* [Exercise prompt]
Copy the records below exactly, starting at the line that contains "Hirdetmény Ivánc és" and ending at the line that contains "A corn (or clavus, plural"; leave out any pictures.

* [Records for this task]
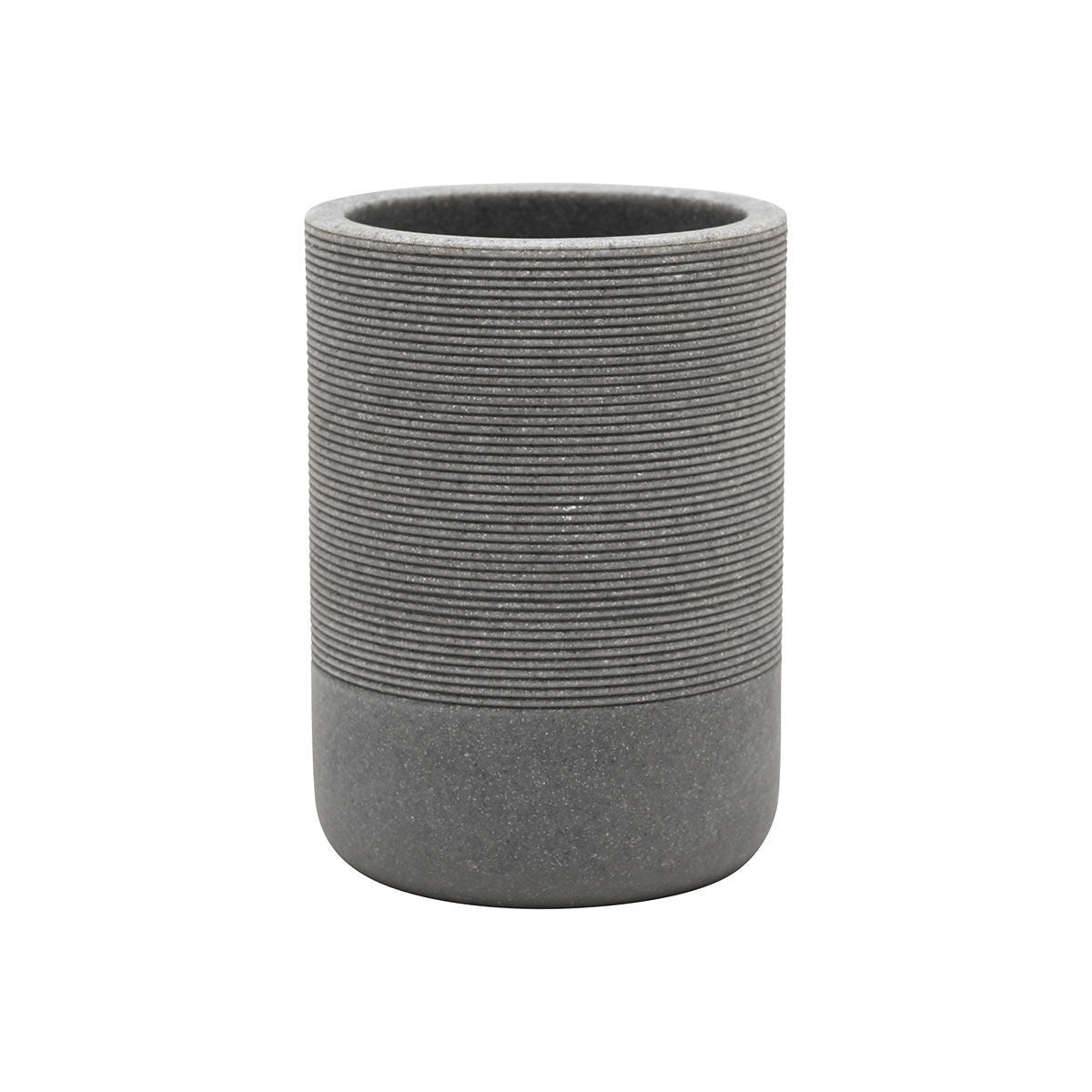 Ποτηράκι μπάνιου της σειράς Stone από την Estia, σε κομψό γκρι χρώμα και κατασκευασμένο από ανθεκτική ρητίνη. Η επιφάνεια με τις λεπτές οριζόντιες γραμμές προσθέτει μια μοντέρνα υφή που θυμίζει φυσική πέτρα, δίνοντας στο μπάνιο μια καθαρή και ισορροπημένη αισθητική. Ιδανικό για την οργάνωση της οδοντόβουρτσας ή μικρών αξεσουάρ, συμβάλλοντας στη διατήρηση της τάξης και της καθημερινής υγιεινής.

* * *

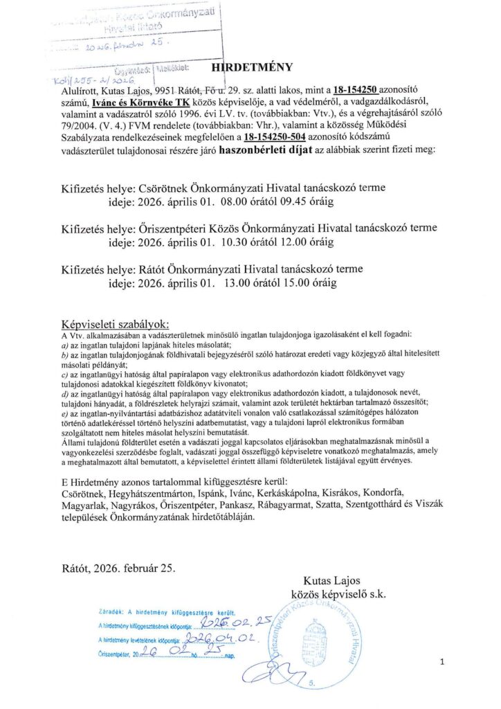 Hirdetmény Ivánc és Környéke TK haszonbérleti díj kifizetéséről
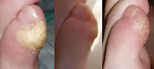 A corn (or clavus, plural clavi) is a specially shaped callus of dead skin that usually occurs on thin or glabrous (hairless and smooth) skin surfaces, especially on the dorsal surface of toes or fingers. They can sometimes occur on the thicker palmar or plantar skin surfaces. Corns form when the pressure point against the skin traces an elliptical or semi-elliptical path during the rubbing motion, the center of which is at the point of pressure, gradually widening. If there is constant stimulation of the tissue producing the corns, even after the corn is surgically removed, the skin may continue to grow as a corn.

* [Solution to the exercise]
 Hirdetmény Ivánc és Környéke TK haszonbérleti díj kifizetéséről
 A corn (or clavus, plural clavi) is a specially shaped callus of dead skin that usually occurs on thin or glabrous (hairless and smooth) skin surfaces, especially on the dorsal surface of toes or fingers. They can sometimes occur on the thicker palmar or plantar skin surfaces. Corns form when the pressure point against the skin traces an elliptical or semi-elliptical path during the rubbing motion, the center of which is at the point of pressure, gradually widening. If there is constant stimulation of the tissue producing the corns, even after the corn is surgically removed, the skin may continue to grow as a corn.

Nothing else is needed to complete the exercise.